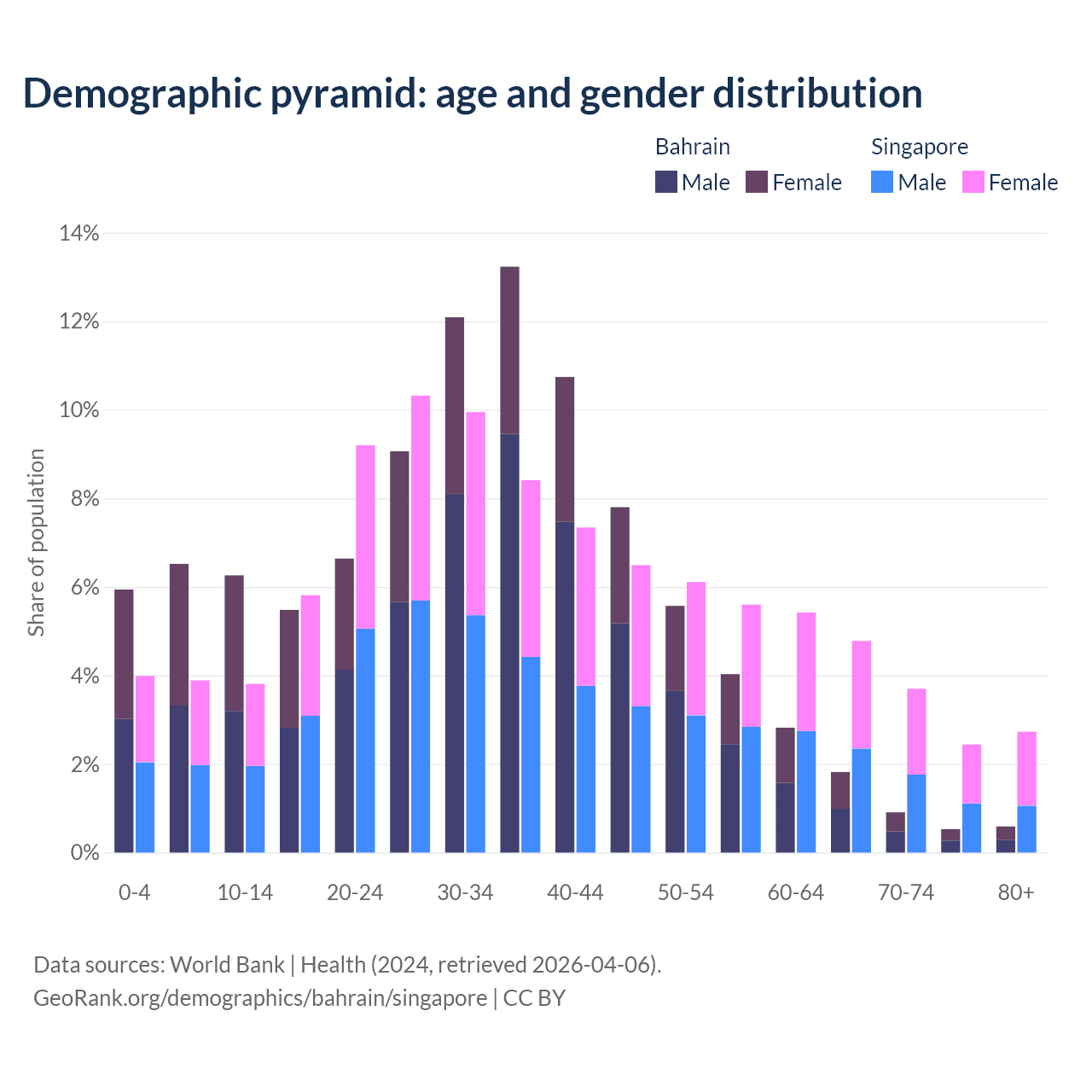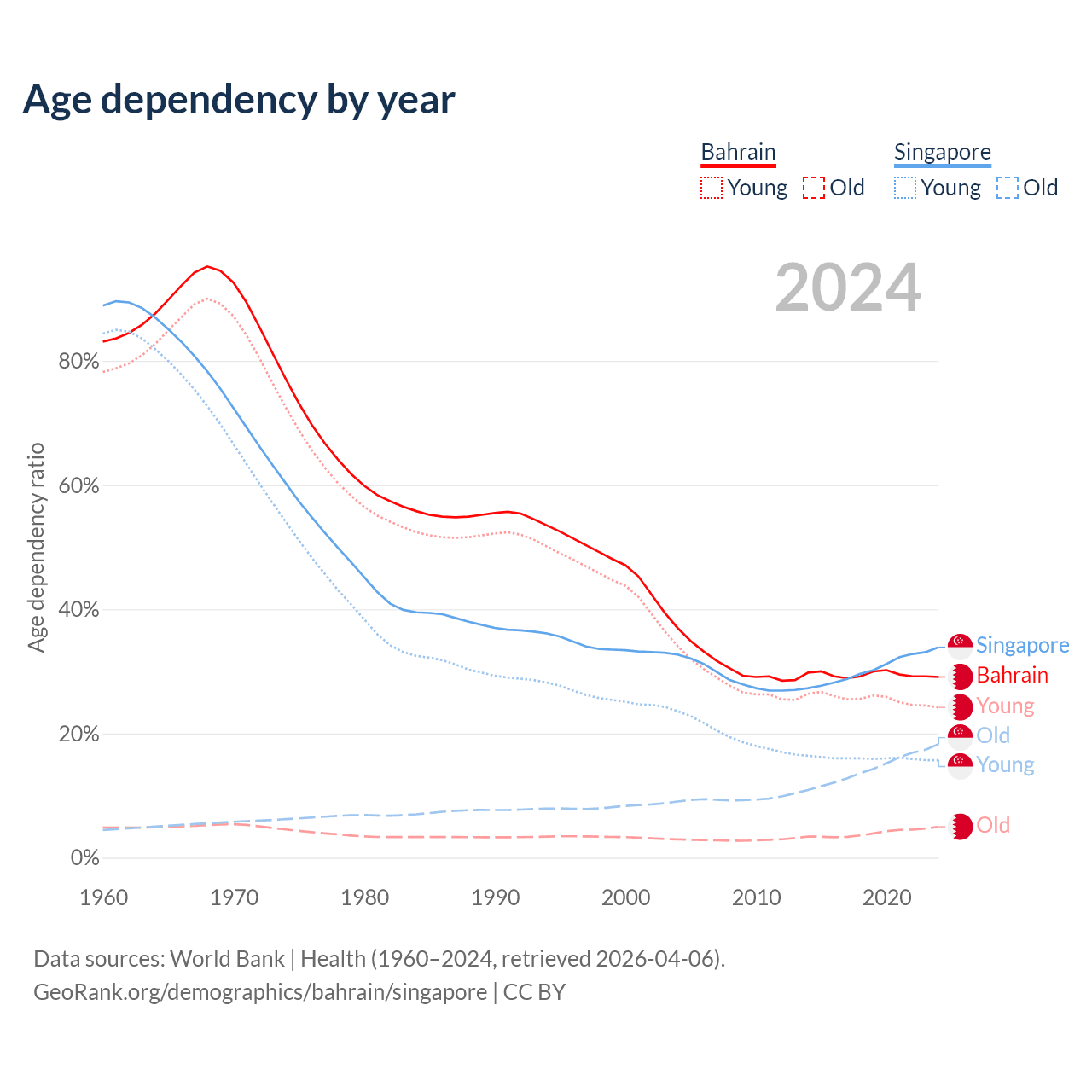 - Bahrain is ranked 80/196 by median age (oldest to youngest) vs 68/196 for Singapore.
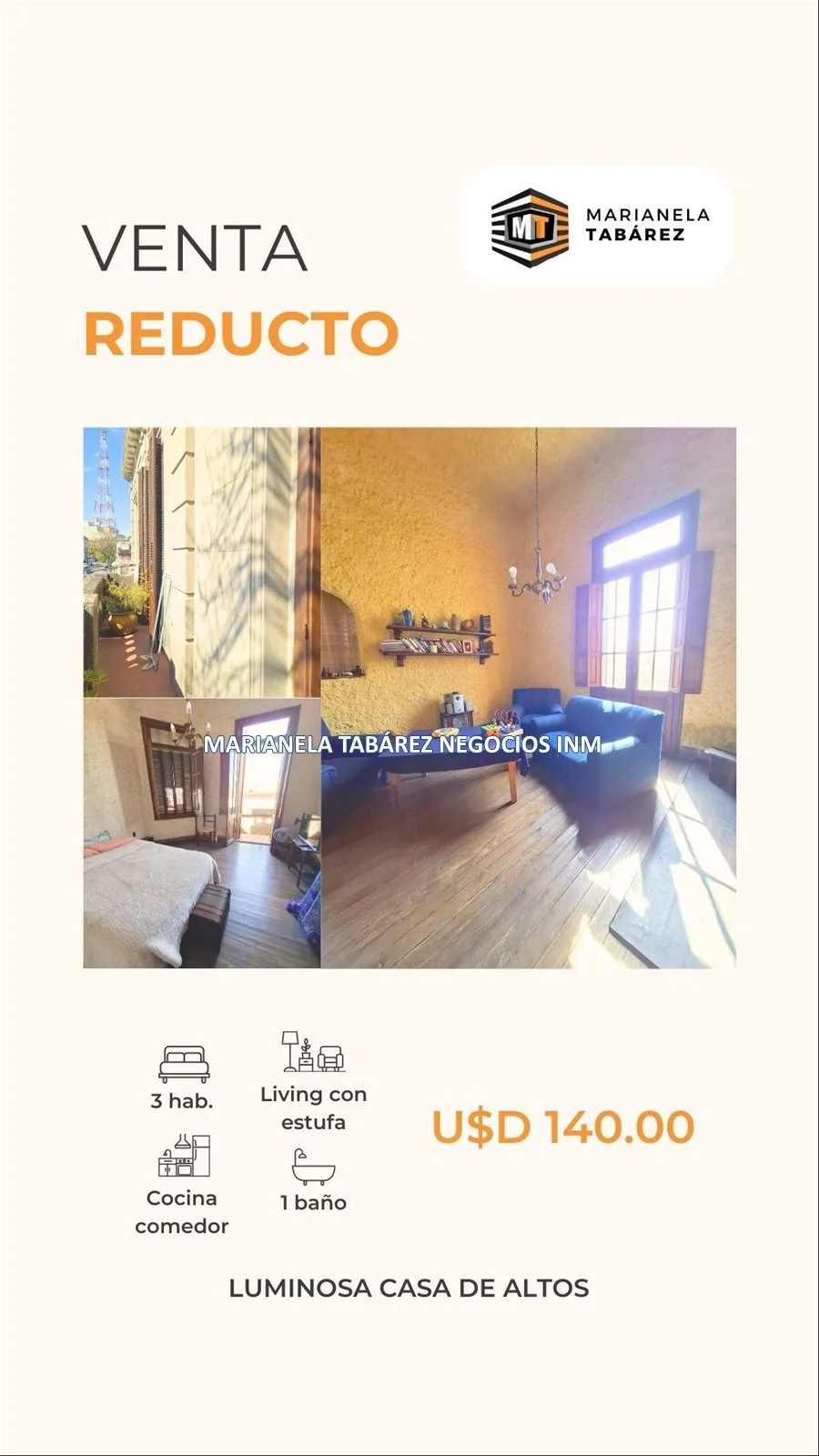Venta Casa 3 Dormitorios De Altos En Reducto Con Estufa A Leña Y Parrillero
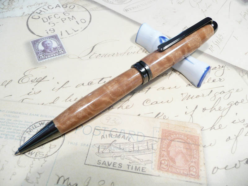 A gun metal European in curly white mahogany. The finish is 6 coats on Minwax wipe on poly, Autosol and Plastic X

════════════════

Give back every line of the material above word for word, leaving out the pictures.

Answer ▸
 - Bahrain is ranked 80/196 by median age (oldest to youngest) vs 68/196 for Singapore.
Venta Casa 3 Dormitorios De Altos En Reducto Con Estufa A Leña Y Parrillero
 A gun metal European in curly white mahogany. The finish is 6 coats on Minwax wipe on poly, Autosol and Plastic X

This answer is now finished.